MAD SCIENCE!!! or, Atoms for Peace and Fun with TRIGA

More than a thousand years ago, I was once an undergraduate.  A first-year, even. Liked trees, but my initial interest in forestry had been dampened by a job shadow day with some forest rangers who frankly told me parks and rec jobs were scarce and low paying, and government jobs were all about cutting down trees.  Set out to become an engineer because I was good at math, a few people important to me in my life had encouraged me that direction, and word on the street was that engineers got good jobs with high pay. Knew nothing about engineering.  Picked environmental engineering, because of the tree-love, and was quickly disappointed to discover it had more to do with sewers than trees.

Why I found nuclear engineering more attractive than environmental engineering is difficult to say.  A best girlfriend was majoring in it (and women were very scarce in engineering a thousand years ago, scarcer than today).  Plus, atoms! For peace!  Atoms and radiation were just so funky.

I'll tell you what. My nascent engineering self was forming right after TMI became the buzzword of the day, and here I don't mean "too much information".  But I still found the whole nuclear bit enormously compelling and sexy.  Get this!  A course where they let you run a freaking reactor!  Sign me up, baby!  You boys can go tinker with your circuits all day long in electrical engineering if you want.  Over here, we are splitting the fucking atom!  For those of us who were nuclear engineers, the thought that we were being trained to run something that could melt down or explode was freaking exciting.  I mean, we were 19.  What did we know?  We were gonna live forever.
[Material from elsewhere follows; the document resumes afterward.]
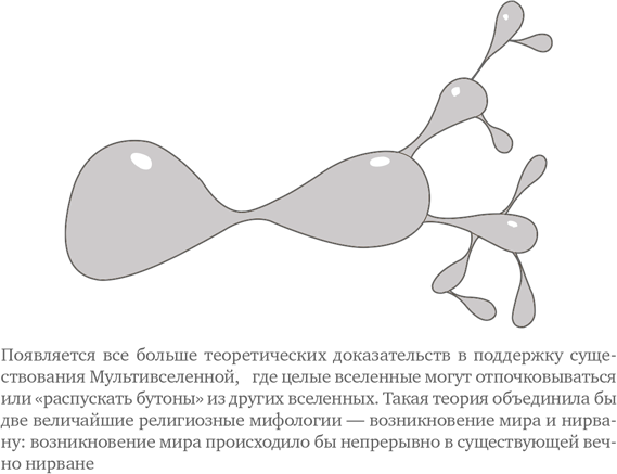 И тогда крошечный участок Вселенной может внезапно расшириться и «образовать почку», пустить побег дочерней вселенной, от которой, в свою очередь, может отпочковаться новая дочерняя вселенная; при этом процесс «почкования» продолжается беспрерывно. Представьте, что вы пускаете мыльные пузыри. Если дуть достаточно сильно, то можно увидеть, как некоторые из них делятся, образуя новые, «дочерние» пузыри. Подобным образом одни вселенные могут постоянно давать начало другим вселенным. Согласно этому сценарию, Большие взрывы происходили все время, происходят и сейчас. Если это верно, то, возможно, мы плаваем в море таких вселенных, словно пузырек, покачивающийся в океане среди других пузырьков. По сути, более подходящим словом будет не «Вселенная», а «Мультивселенная».

I went critical at Penn State's Breazeale Nuclear Reactor, which recently had its 50th anniversary in service (now 55 years).  It's now a National Historical Landmark!  Check out the distinguished white dudes in the pic at the link.

According to a historical marker placed on the reactor site by the Penn State Alumni Association, "Penn State in 1955 became the first university licensed by the Atomic Energy Comission to operate a nuclear reactor as part of U.S. President Dwight Eisenhower's 'Atoms for Peace' program. Named for William Breazeale, Penn State's first professor of nuclear engineering, the reactor became a training and research tool for peaceful applications of atomic energy."

You can learn more about the reactor and its history here.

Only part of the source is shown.